The censers had been lit and a thick slate smoke poured from the perforations in the thin silver material. The stuff was almost heavy, a step away, they thought, from being water. The lengths of material inside were said to have been dredged up from deep within the earth, or gathered from ancient tended groves. An old scholar had once said in Thelo's presence that it was a "supermundane matter", and he'd remembered that due to what it made him think, though he never said it to anyone. Whatever it really was, it neutralized the fog and ceased manifestations. That was good enough for most.
They arrived after some agonizing minutes in the sepulchre itself, which was half-shrouded in fog. Neither of them could bear to move any further into that chamber, and their eyes were fixed upon the poorly lit corners, seeking out shapes that ought not to be there. The tall stone sarcophagus in the center was nearly lost in the mists, and every step was a battle of wills against their own minds screaming at them to flee. They carefully poured the cascading incense over the tomb, its weight pushing the fog away, replacing it with the slowly dissipating holy smoke.
There was a scuff on the stone floor behind them. Immus froze in place, but Thelo spun around, swinging his censer out like a warhammer, sending a great arc of incense flying into the dim air. If something had been standing there, it wasn't any longer.

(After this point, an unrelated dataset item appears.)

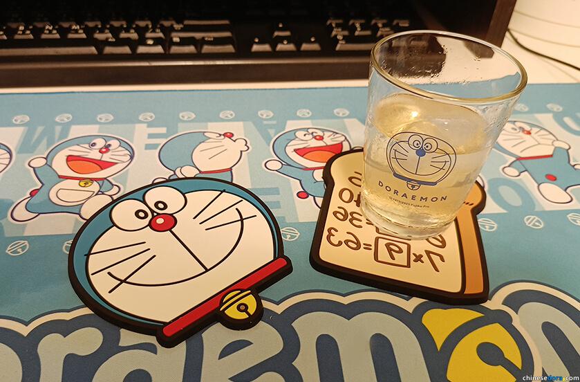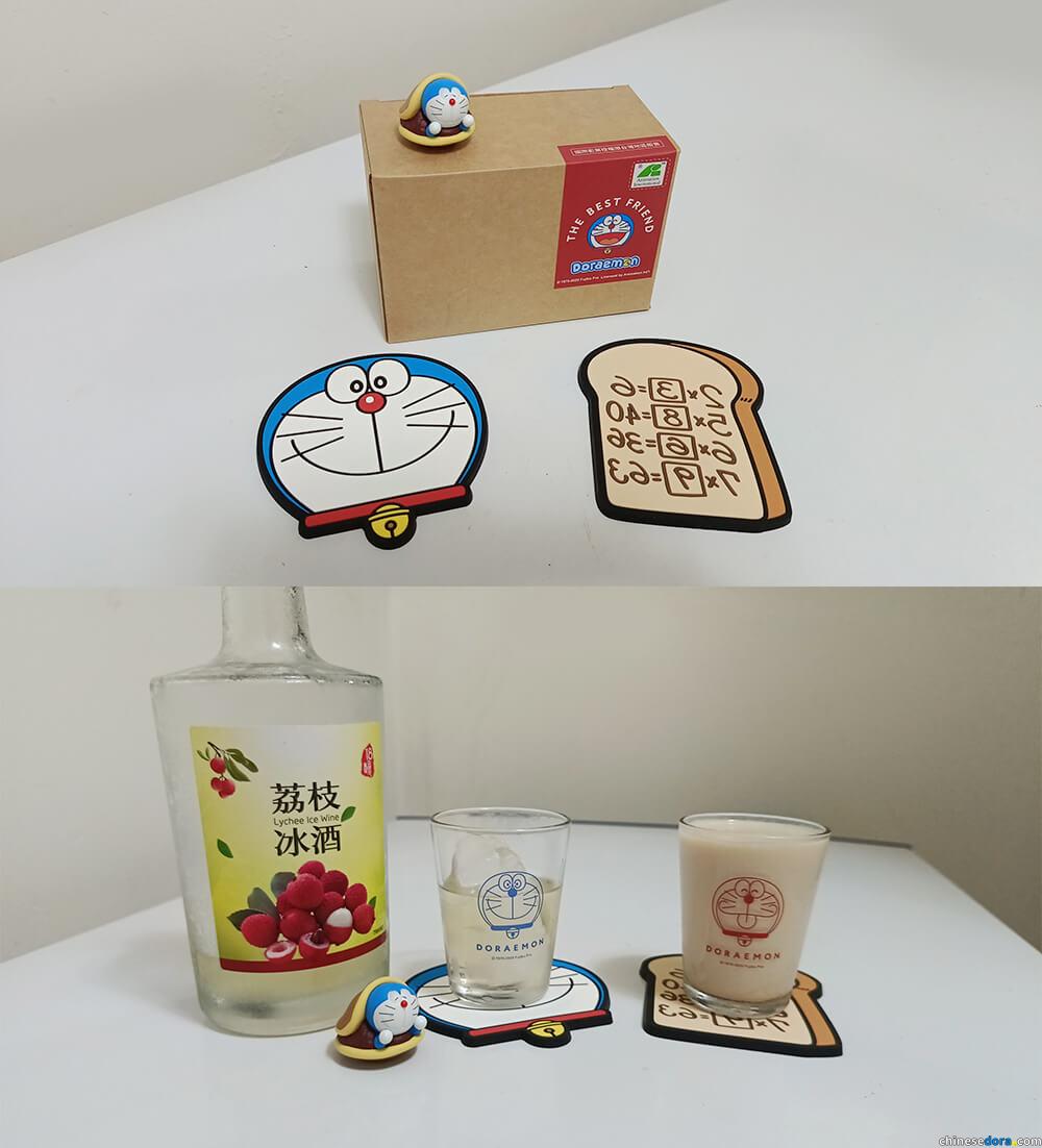 造型杯墊的材質是矽膠的感覺,不具備吸水功能,看到可愛的哆啦A夢與記憶吐司(記憶麵包),即使不作為杯墊使用,擺在桌上也有種療癒感。

But they mutually agreed in very few words that they'd rather not find out if there was something else. Anyway, there was no chance two agents alone could clear this place up. Whatever had happened here, it was worse than the Wyk relative had claimed, or it had become worse in a very short amount of time.
They turned to go, but Immus saw the tomb had cleared up considerably. Just enough, she noticed as Thelo grabbed her arm to go, that the great heavy lid hadn't just shifted, but was ajar. That was a sacrilege worthy of long, lightless imprisonment. But it flitted through her mind, that the fog came quite readily under many different conditions...some of them man made.
No spirit returns ignorant to the beyond, she knew.